I have 2 daughters aged 12 and 11 the eldest started secondary school this year and the youngest will start next summer. The youngest has been offered a place at the best performing school (which is not fee paying) in our city. I realise it's a great opportunity but there will never be a place at this school for my eldest daughter. Although I have many concerns, my biggest worry is how going to different schools might effect their relationship. They are very close and I wouldn't like to damage that. Anyone have any personal experiences of this kind of thing or just an opinion? Thanks in advance.

harecare Thu 11-Nov-10 23:39:05

Is there something wrong with your eldest DD school?
If my younger sister went to a different school to me I'd wonder why. When I was told it was because it was a much better school I would wonder why I couldn't go too. I would then be horribly jealous and think I wasn't loved as much.
Your dds may be more selfless and kind than me, why not ask them?

mpar17 Thu 11-Nov-10 23:42:49

No the school my eldest daughter goes to is good just not 'as' good. I put both of their names down for the other school a few days after they were born the eldest wasn't offered a place last year because there were none available. I've spoken to them both and they seem pretty easy about the whole thing...that's not to say they will be when they are 30 and 31 and looking back. I'm kinda like you and think I would be a bit upset about it

TheNextMrsDepp Thu 11-Nov-10 23:51:15

Hmmm....interesting. I think this may happen to us because dd1 is a complete brainiac and may well get into one of the local grammars but dd2 may not. I don't know that I'd want to hold one back because of the other - it has to be the right school for each.

mpar17 Thu 11-Nov-10 23:56:06

Oh I know it's very difficult isn't it. The school that my eldest goes to no really suits her-no uniform, i-pods on in maths, plenty of drama and music. The other school is so strict and uniform and discipline which would suit the youngest better. Still concerned about splitting them up though.

josie14 Fri 12-Nov-10 00:08:35

I think you should treat each child individually. If you eldest child had got the place and the younger one didnt. would you consider taking the older one out of the better school to be with her sister. There may be other benefits to having both girls together but I dont think the decision being made about the younger one should be based on the needs or wishes of the older one.

mummytime Fri 12-Nov-10 07:20:04

Why not discuss it with them? There are schools that some children would love but others hate. Do also share your worries with them, if you are honest now it should help later.

MayorNaze Fri 12-Nov-10 08:02:11

potentially all 3 of mine may end up at different secondary schools for various reasons not necessarily under my control.

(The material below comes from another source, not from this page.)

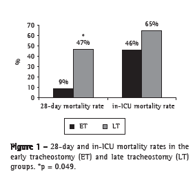 Our findings show the benefits of performing tracheostomy early in individuals with neurological disease and severely impaired consciousness. The 28-day mortality rate was lower in the ET group than in the LT group (9% vs. 47%; p = 0.049). There was no statistically significant difference between the groups regarding mortality by the end of the ICU stay, although the rate was lower among the ET group patients (46% vs. 65%; p = 0.44). The small size of our sample might have contributed to the lack of a significant difference. In addition, the patients presented with extremely severe clinical and neurological conditions, as evidenced by the high APACHE II and SOFA scores and the low GCS scores, which limits the impact of any specific therapeutic measure. These are patients who often develop severe sequelae, which leave them exposed to complications while still in the hospital, and those complications can lead to death.

really doesn't bother me - something i always explain to my children is that being treated fairly doesn't always mean being treated the same - what is right for one child might not be for the other an tht is just part and parcel of life

i am mean though grin

Bonsoir Fri 12-Nov-10 08:04:23

Your DCs' personal and intellectual development is a much greater concern than their relationship when choosing a school. There is plenty of time at home for them to be sisters; school is about developing individuals.

ZZZenAgain Fri 12-Nov-10 08:11:30

do not hold your younger dd back. Really she will resent it.

It is hard on dd1 of course but if her school is good and she is happy there, has nice friends, it will probably work out alright.

sarah293 Fri 12-Nov-10 08:13:28

Message withdrawn

gorionine Fri 12-Nov-10 08:19:24

I think when we are talking about our children education we cannot necessarely be "fair" in the sense that if their abilities are reallly different they will need different teaching. It would not be good for your DD2 to feel "kept back" because of her sister. If your DD12 is already settles in her school let your DD2 go to the school were her needs will be filled in a more appropriate way.
As an asside, did you really register them in a school days after they were born or did I totally misunderstood that? Is it the usually done thing?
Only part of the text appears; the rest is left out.